I do not think that datetime should move to eager calculations (for one thing it would be a pretty major change), but I did come up with a modest change that can make it possible to implement a pythonic time zone provider without taking the performance hit: introducing a small, optional, set-once cache for "time zone index" onto the datetime object. The idea takes advantage of the fact that essentially all time zones can be described by a very small number of (offset, tzname, dst) combinations plus a function to describe which one applies. Time zone implementations can store these offsets in one or more indexable containers and implement a `tzidx(self, dt)` method returning the relevant index as a function of the datetime.
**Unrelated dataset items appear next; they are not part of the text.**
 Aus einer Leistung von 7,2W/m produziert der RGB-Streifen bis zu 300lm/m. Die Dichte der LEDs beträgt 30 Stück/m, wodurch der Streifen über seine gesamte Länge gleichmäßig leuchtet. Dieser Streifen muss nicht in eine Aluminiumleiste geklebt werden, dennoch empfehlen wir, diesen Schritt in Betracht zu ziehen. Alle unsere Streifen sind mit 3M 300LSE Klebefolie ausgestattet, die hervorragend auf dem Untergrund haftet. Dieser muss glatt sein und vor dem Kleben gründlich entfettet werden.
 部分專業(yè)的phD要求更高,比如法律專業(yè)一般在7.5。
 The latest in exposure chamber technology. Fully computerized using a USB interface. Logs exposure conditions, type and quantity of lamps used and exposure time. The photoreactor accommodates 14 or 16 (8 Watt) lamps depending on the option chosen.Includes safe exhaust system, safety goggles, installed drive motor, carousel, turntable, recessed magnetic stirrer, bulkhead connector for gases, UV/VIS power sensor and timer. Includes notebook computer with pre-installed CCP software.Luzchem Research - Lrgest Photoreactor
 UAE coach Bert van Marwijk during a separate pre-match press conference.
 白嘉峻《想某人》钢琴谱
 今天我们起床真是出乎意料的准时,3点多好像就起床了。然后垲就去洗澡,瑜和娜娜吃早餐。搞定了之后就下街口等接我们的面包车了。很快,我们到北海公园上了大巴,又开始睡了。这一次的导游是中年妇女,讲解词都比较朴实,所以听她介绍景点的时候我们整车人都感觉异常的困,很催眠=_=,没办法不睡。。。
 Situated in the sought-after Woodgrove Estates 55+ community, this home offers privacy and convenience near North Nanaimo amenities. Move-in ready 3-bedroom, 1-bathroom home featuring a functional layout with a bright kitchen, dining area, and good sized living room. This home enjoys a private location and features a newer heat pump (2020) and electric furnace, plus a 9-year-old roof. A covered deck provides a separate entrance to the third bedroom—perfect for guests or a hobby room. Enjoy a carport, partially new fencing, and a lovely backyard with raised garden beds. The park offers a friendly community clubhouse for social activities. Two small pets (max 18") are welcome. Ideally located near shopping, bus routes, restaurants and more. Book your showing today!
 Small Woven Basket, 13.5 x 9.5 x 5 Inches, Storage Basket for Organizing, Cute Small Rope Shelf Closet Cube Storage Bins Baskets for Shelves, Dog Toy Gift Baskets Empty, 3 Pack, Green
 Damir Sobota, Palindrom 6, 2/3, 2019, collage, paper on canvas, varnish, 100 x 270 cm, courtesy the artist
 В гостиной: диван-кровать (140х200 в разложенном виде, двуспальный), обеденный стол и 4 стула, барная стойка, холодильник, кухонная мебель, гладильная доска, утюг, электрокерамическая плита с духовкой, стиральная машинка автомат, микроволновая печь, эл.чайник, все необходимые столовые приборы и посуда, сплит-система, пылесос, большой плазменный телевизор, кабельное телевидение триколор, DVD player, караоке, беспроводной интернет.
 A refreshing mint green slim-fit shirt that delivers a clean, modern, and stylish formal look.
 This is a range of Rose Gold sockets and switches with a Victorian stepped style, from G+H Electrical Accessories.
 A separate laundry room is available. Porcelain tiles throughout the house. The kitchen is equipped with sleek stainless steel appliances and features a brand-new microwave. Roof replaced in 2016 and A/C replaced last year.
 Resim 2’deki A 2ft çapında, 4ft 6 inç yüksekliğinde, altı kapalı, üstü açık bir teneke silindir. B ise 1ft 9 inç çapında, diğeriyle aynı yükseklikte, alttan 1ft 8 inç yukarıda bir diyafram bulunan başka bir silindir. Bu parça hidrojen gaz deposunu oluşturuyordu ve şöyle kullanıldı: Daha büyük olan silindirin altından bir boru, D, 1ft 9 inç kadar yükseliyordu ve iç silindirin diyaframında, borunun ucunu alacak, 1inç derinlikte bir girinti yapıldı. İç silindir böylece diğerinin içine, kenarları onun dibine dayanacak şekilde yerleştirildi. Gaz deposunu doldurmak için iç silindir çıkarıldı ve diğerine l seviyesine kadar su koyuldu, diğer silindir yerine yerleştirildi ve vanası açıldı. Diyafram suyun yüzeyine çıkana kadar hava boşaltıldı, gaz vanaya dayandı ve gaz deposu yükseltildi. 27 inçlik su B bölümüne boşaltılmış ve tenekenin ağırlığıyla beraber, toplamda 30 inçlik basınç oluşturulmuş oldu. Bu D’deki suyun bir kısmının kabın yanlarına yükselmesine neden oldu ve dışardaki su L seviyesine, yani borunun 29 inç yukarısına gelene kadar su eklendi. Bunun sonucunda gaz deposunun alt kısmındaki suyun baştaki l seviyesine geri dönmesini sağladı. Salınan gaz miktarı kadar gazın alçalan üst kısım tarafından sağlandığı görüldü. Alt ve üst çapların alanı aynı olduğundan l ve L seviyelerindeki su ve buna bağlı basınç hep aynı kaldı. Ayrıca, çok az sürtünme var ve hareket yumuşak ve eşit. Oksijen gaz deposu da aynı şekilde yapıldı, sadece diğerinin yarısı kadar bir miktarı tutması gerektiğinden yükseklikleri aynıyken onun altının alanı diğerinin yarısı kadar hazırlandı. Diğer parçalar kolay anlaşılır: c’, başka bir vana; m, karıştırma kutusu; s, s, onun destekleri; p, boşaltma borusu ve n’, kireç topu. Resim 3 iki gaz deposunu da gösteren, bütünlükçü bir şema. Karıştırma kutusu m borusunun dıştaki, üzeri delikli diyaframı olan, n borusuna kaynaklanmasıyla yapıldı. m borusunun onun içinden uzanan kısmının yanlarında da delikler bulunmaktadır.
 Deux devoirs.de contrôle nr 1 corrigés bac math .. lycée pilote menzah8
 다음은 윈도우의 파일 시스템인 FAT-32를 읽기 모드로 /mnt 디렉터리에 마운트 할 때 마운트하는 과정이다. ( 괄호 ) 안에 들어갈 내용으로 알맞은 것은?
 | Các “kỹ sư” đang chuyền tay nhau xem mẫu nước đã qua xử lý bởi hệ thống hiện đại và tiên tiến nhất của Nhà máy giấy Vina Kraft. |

We would provide a per-datetime cache by implementing a datetime.tzidx(self) method, which would be a memoized call to `self.tzinfo.tzidx()`, like this (ignoring error handling - a more detailed implementation can be found in the PoC PR):

def tzidx(self):
    if self._tzidx != 0xff:
        return self._tzidx

    tzidx = self.tzinfo.tzidx(self)
    if isinstance(tzidx, int) and 0 <= tzidx < 255:
        self._tzidx = tzidx
    return tzidx

And then `utcoffset(self, dt)`, `dst(self, dt)` and `tzname(self, dt)` could be implemented in terms of `dt.tzidx()`! This interface would be completely opt-in, and `tzinfo.tzidx` would have no default implementation.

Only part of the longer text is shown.